When I do a POST that has at least two lines in the body, with a content-length of exactly 8192 bytes, the last readLine() call throws an IOException.

8191 works fine, 8193 works fine, but 8192 bombs.

java.io.IOException
	at org.apache.catalina.connector.InputBuffer.reset(InputBuffer.java:576)
	at org.apache.catalina.connector.CoyoteReader.reset(CoyoteReader.java:142)
	at org.apache.catalina.connector.CoyoteReader.readLine(CoyoteReader.java:200)
	at com.cerner.TestServlet.service(TestServlet.java:33)
	at javax.servlet.http.HttpServlet.service(HttpServlet.java:729)
	at org.apache.catalina.core.ApplicationFilterChain.internalDoFilter(ApplicationFilterChain.java:292)
	at org.apache.catalina.core.ApplicationFilterChain.doFilter(ApplicationFilterChain.java:207)
	at org.apache.tomcat.websocket.server.WsFilter.doFilter(WsFilter.java:52)
	at org.apache.catalina.core.ApplicationFilterChain.internalDoFilter(ApplicationFilterChain.java:240)
	at org.apache.catalina.core.ApplicationFilterChain.doFilter(ApplicationFilterChain.java:207)
	at org.apache.catalina.core.StandardWrapperValve.invoke(StandardWrapperValve.java:212)
	at org.apache.catalina.core.StandardContextValve.invoke(StandardContextValve.java:106)
	at org.apache.catalina.authenticator.AuthenticatorBase.invoke(AuthenticatorBase.java:502)
	at org.apache.catalina.core.StandardHostValve.invoke(StandardHostValve.java:141)
	at org.apache.catalina.valves.ErrorReportValve.invoke(ErrorReportValve.java:79)
	at org.apache.catalina.valves.AbstractAccessLogValve.invoke(AbstractAccessLogValve.java:616)
	at org.apache.catalina.core.StandardEngineValve.invoke(StandardEngineValve.java:88)
	at org.apache.catalina.connector.CoyoteAdapter.service(CoyoteAdapter.java:522)
	at org.apache.coyote.http11.AbstractHttp11Processor.process(AbstractHttp11Processor.java:1095)
	at org.apache.coyote.AbstractProtocol$AbstractConnectionHandler.process(AbstractProtocol.java:672)
	at org.apache.tomcat.util.net.NioEndpoint$SocketProcessor.doRun(NioEndpoint.java:1502)
	at org.apache.tomcat.util.net.NioEndpoint$SocketProcessor.run(NioEndpoint.java:1458)
	at java.util.concurrent.ThreadPoolExecutor.runWorker(ThreadPoolExecutor.java:1142)
	at java.util.concurrent.ThreadPoolExecutor$Worker.run(ThreadPoolExecutor.java:617)
	at org.apache.tomcat.util.threads.TaskThread$WrappingRunnable.run(TaskThread.java:61)
	at java.lang.Thread.run(Thread.java:745)
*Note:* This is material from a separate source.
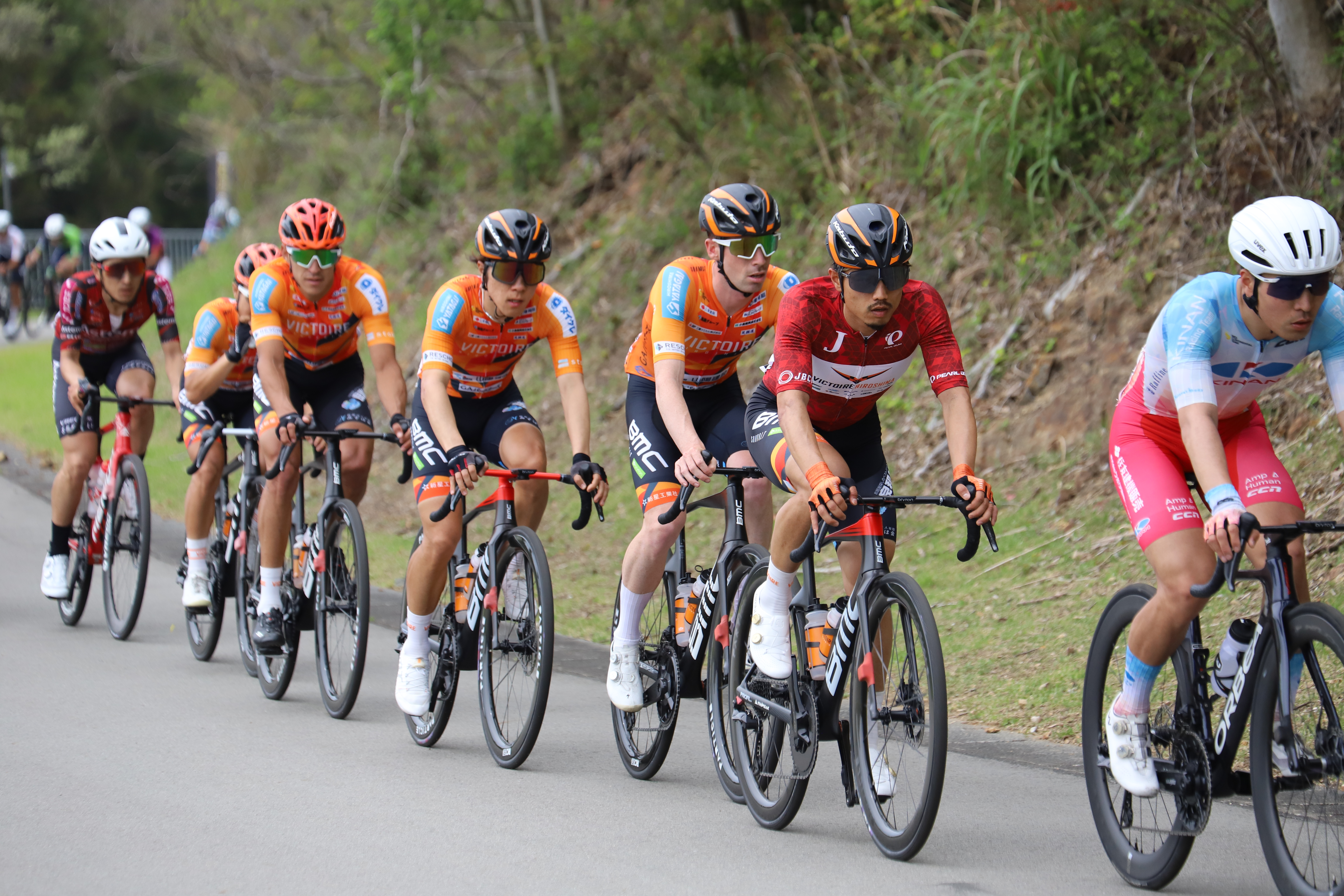 ラスト2周で全ての逃げを吸収すると、各チームのエース同士による激しいアタック合戦へ突入。ヴィクトワール広島もルークや孫崎を中心に積極的に攻撃を仕掛け、集団の人数を絞り込みますが、決定的な抜け出しには至りません。

See attached servlet source, fiddler trace file.
Comment 1 Peter Teunissen 2016-07-29 20:14:26 UTC
Seems to be same (similar?) issue as bug 42727
Comment 2 Coty Sutherland 2016-07-29 20:19:42 UTC
Can you provide a data file to use that you can reliably reproduce this with? I tried creating a file of size 8192 (and using the request contents from the fiddler logging), but don't see any issues in 8.0.33 or 8.0.x-dev. I'm testing with the following using your servlet packaged into asf-test.war:

curl -is -X POST --data @test2.dat http://localhost:8080/asf-test/test
Comment 3 Peter Teunissen 2016-07-29 20:46:45 UTC
I tested this by replaying the transaction through fiddler.

When I hit it through CURL, it always posts is such away that in one call to readLine() we get all the data.

When submitted from fiddler, it does the first readLine(), then enters the loop to do additional readLines() and fails on the last:

Content-length:8192
Read-1:109 bytes  magnis dis parturient montes, nascetur ridiculus mus. Donec quam felis, ultricies nec, pellentesque eu, pret
Read-2:122 bytes ium uis, sem. Nulla consequat massa quis enim. Donec pede justo, fringilla vel, aliquet nec, vulputate eget, arcu. In enim
Read-2:124 bytes  justo, rhoncus ut, imperdiet a, venenatis vitae, justo. 

(many Read-2's)

ipsum aliquam libero, non adipiscing dolor urna a orci.
java.io.IOExceptionError caught:null
Size: 7938 Len:27 Request:!!! We had an error!!! null

	at org.apache.catalina.connector.InputBuffer.reset(InputBuffer.java:521)
	at org.apache.catalina.connector.CoyoteReader.reset(CoyoteReader.java:142)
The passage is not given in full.